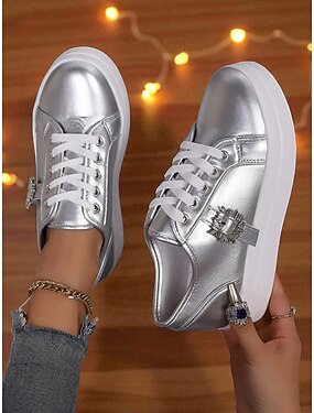 Tênis de noiva feminino prateado com cadarço e strass, sapatos de casamento brilhantes e confortáveis para noivas em casamentos ao ar livre no jardim.
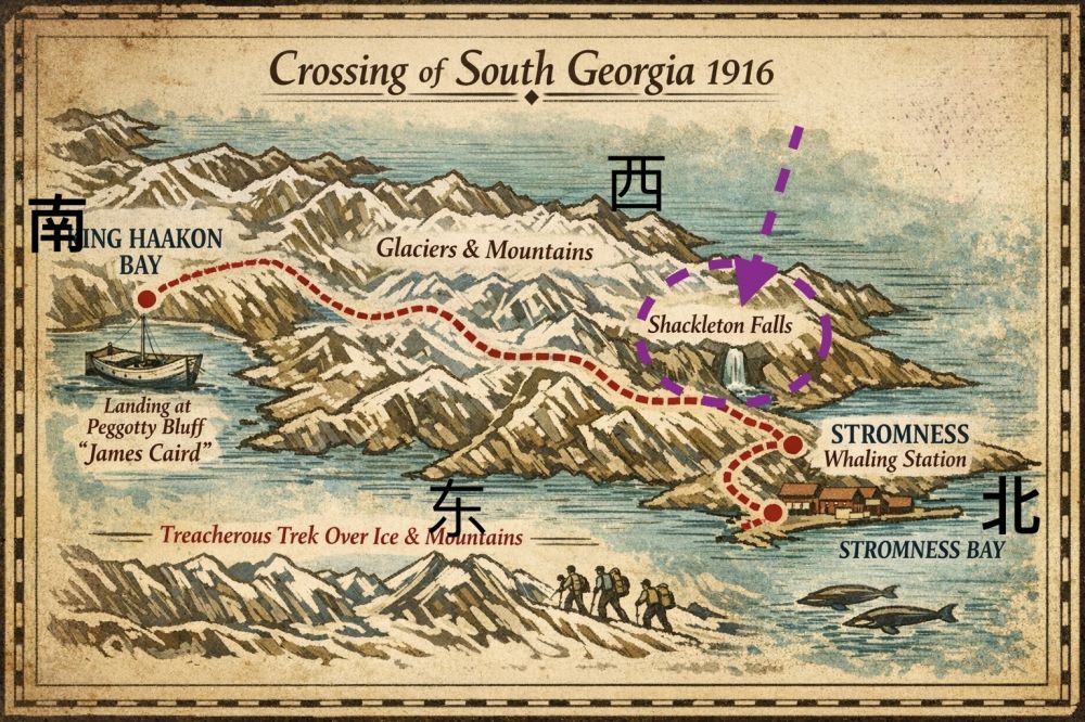 他们首先向北攀登至内陆高地,逐渐远离海岸,那里的地形是高山山脉与冰雪坡段,很多地方毫无路径可循。再穿过如今称为 Shackleton Gap 的山口,这是跨越 Allardyce 山脉的关键路线。中途又经过冰原、陡峭的山脊以及难行的坡段。天气极端,海拔不断变化,山上厚积雪、冰原及危险的岩石非常考验体力与导航技能,因为没有帐篷,他们几乎不停地行进,以避免体温过低。其中有三次还转错了弯,凭借星象和直觉得到了修正。一段艰难攀爬后,他们先到达 Fortuna Bay 附近,但发现它没人居住。于是重新爬山,跨越最后一段山梁。这段路线上还有如今称为 Crean Lake 的小湖,克里恩曾一度掉进湖水中,但继续前行。爬过最后一山脊后,他们沿着如今称做 沙克尔顿瀑布(Shackleton Falls) 的河谷下坡。这段路最终通向 Shackleton Valley, 这就是今天我们要走的路。当他们在暴风雪和极度疲惫中,听到瀑布流水声时,意识到——这条瀑布,是他们从“必死之地”走回人间的最后一步。
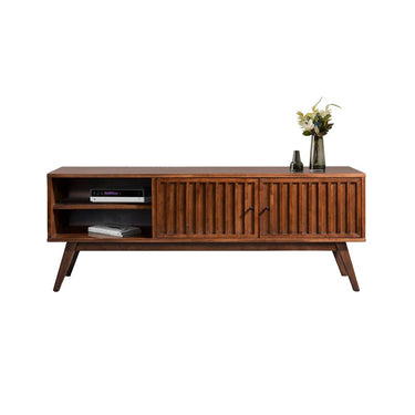 A two door TV cabinet in slatted design with adjustable shelves. Metal handle and ventilation cutout.
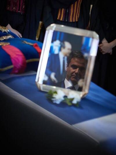 Στη φωτ. από το Αθηναικό Πρακτορείο Αθηνών, φαίνεται η κορνίζα με τη φωτογραφία του επίτιμου Προέδρου της ΝΔ που ήταν τοποθετημένη στο φέρετρο με τη σορό του που κάλυπτε η γαλανόλευκη σημαία, και σε έναν αντικατοπτρισμό... διακρίνεται ο γιος του, Κυριάκος Μητσοτάκης, να είναι βουβός και με ένα βλέμμα «χαμένο», να θρηνεί για την απώλεια του πατέρα του πάνω από το φέρετρο.
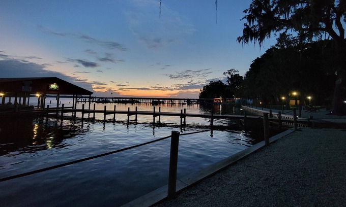 Everything from the Salt Springs and Silver Springs for the Manatee To the Bald Eagles nesting on site or across the river, Gated community with Pool, Marina Dock for your boat tor fish off the pier, watch the sunrise or sunset both from this vantage point across the water. On site laundry facilities and bathrooms with showers. Walk next door for a full restaurant from 6am till midnight service with bar and music, for the early bird to the night owl.

══════

* **Task statement**: In the material above, which lines fall between the one holding "Shackleton Gap 的山口,这是跨越" and the one holding "Στη φωτ. από", inclusive? Print exactly those, with the pictures left out.

* **Reply**:
 他们首先向北攀登至内陆高地,逐渐远离海岸,那里的地形是高山山脉与冰雪坡段,很多地方毫无路径可循。再穿过如今称为 Shackleton Gap 的山口,这是跨越 Allardyce 山脉的关键路线。中途又经过冰原、陡峭的山脊以及难行的坡段。天气极端,海拔不断变化,山上厚积雪、冰原及危险的岩石非常考验体力与导航技能,因为没有帐篷,他们几乎不停地行进,以避免体温过低。其中有三次还转错了弯,凭借星象和直觉得到了修正。一段艰难攀爬后,他们先到达 Fortuna Bay 附近,但发现它没人居住。于是重新爬山,跨越最后一段山梁。这段路线上还有如今称为 Crean Lake 的小湖,克里恩曾一度掉进湖水中,但继续前行。爬过最后一山脊后,他们沿着如今称做 沙克尔顿瀑布(Shackleton Falls) 的河谷下坡。这段路最终通向 Shackleton Valley, 这就是今天我们要走的路。当他们在暴风雪和极度疲惫中,听到瀑布流水声时,意识到——这条瀑布,是他们从“必死之地”走回人间的最后一步。
 A two door TV cabinet in slatted design with adjustable shelves. Metal handle and ventilation cutout.
 Στη φωτ. από το Αθηναικό Πρακτορείο Αθηνών, φαίνεται η κορνίζα με τη φωτογραφία του επίτιμου Προέδρου της ΝΔ που ήταν τοποθετημένη στο φέρετρο με τη σορό του που κάλυπτε η γαλανόλευκη σημαία, και σε έναν αντικατοπτρισμό... διακρίνεται ο γιος του, Κυριάκος Μητσοτάκης, να είναι βουβός και με ένα βλέμμα «χαμένο», να θρηνεί για την απώλεια του πατέρα του πάνω από το φέρετρο.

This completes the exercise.